Management by Subtraction: Steve Jobs and the Via Negativa
Steve Jobs returned to Apple in 1997, and the company was in chaos.
Apple had dozens of product lines. Hundreds of SKUs. A confused strategy. The company was trying to make computers for every market, every price point, every use case. Employees didn't know what they were supposed to be building.
Jobs' response: cancel 70% of the products.
Not "what should we build?" but "what should we stop building?"
This is management by subtraction.
The Decision
By many measures, the decision looked wrong. Jobs was eliminating revenue streams. Eliminating products meant some customers would leave for competitors. Some employees would be laid off or reassigned.
But the subtraction accomplished something that addition never would:
- Clarity: With four product categories instead of dozens, everyone knew what Apple was about
- Focus: Resources could concentrate on what mattered instead of spreading across everything
- Quality: The four products could be refined obsessively instead of managed loosely
- Speed: Decision-making became faster with fewer stakeholders and fewer products to maintain
The iMac, the four products that remained, became legendary. Not because they were the only possible products, but because the subtraction forced focus that produced excellence.
Why This Is So Difficult
Subtraction is harder than addition because:
Addition creates winners. Someone gets a new product, a new feature, a new budget. They're happy. They advocate for it.
Subtraction creates losers. Someone loses their product, their project, their position. They resist. They lobby. They sabotage.
In democratic organizations, addition always wins because the winners are numerous and vocal. The losers are few and punished for complaining.
But the organization suffers because it becomes bloated and unfocused.
Where This Shows Up
Product management: Most companies add features constantly. The interface becomes cluttered. The software becomes bloated. The performance degrades. Then, a new competitor emerges with a simpler product, and the bloated company fails.
The solution is subtraction: remove features that don't serve the core use case. Make the product simpler. Make it faster. Make it focused.
Organizational structure: Companies accumulate departments, layers, and roles. No one is responsible for eliminating them. HR expands. Finance expands. Marketing duplicates itself across divisions.
The solution is subtraction: eliminate redundancy. Flatten the structure. Force people to do more with less, which produces efficiency or reveals waste.
Meetings: Most organizations have too many meetings. Add a new initiative and someone creates a weekly meeting about it. Never eliminate the old meeting.
The solution is subtraction: if you're going to add a meeting, eliminate two. Force ruthless prioritization.
Processes: Companies accumulate processes for compliance, control, and efficiency. Then, the processes start optimizing for themselves rather than the company.

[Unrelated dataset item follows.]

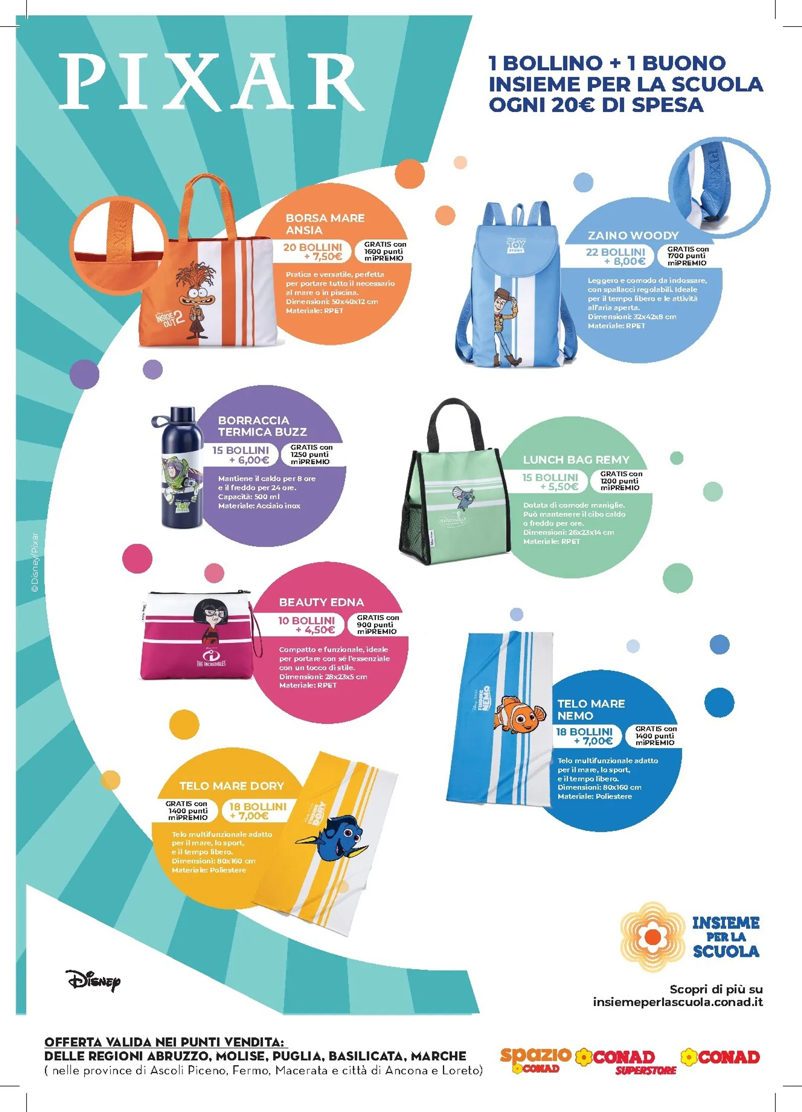 I premi di questa collezione sono ispirati ai personaggi più amati. Con 10 bollini e un contributo potrete avere il beauty case di Edna, mentre con 18 bollini sarà vostro il telo mare di Dory. Per i più avventurosi, la borraccia termica di Buzz si ottiene con 15 bollini. Non mancano la borsa mare di Darla e lo zainetto di Woody. Ogni articolo unisce stile e sostenibilità, essendo realizzato con materiali come RPET e poliestere, perfetti per l’uso quotidiano.

The solution is subtraction: periodically, eliminate 20% of all processes. Departments that can't function without them will scream. Those screams reveal which processes actually matter.
The Implementation
How do you actually subtract?
1. Inventory everything
Make a list of every product, feature, process, meeting, rule, and initiative. Be specific.
2. Rank by impact
Which of these actually matter? Which drive the outcome you care about?
The bottom 20% should be the target for removal.
3. Remove ruthlessly
Don't tinker. Don't compromise. Remove.
The resistance will be fierce. But the alternative is to have the competitors do the subtracting for you (by making a better, simpler product and driving your bloated company out of business).
4. Reassign, don't fire
The people working on the eliminated products might be valuable elsewhere. Reassign them. But discontinue the product.
The Psychology
There's a psychological reason subtraction is rare:
When you add, you can point to the new thing. "Look what I built." Career advancement is tied to what you launched.
When you remove, you eliminate something someone else built (or you built). There's no credit. The benefit is invisible (the company that functions better without the bloat).
The incentive structure rewards addition and punishes subtraction.
But the most valuable management move is often subtraction.
Modern Example
Look at any bloated tech company's product line versus a lean competitor:
Bloated company: 15 products, most legacy, most in slow decline, most cannibalizing each other
Lean competitor: 3 products, each exceptional, each with a clear market
The lean competitor eats the bloated company's lunch. Not by being better at each individual product, but by being ruthlessly focused.
The Principle
Here's the principle:
Before you add, remove. If you're adding a new feature, remove an old one that's less important. If you're launching a new product, discontinue an old one. If you're creating a new process, eliminate an existing one.
The constraint forces prioritization.
The company that subtracts ruthlessly becomes focused. The focused company becomes excellent at fewer things. The excellent company wins.
The company that adds continuously becomes bloated. The bloated company is beaten by the focused one.
Steve Jobs understood this. The decision to cancel 70% of products, in 1997, was the move that saved Apple.
Not the move that made it larger. The move that made it coherent.
And coherence, in the market, beats size.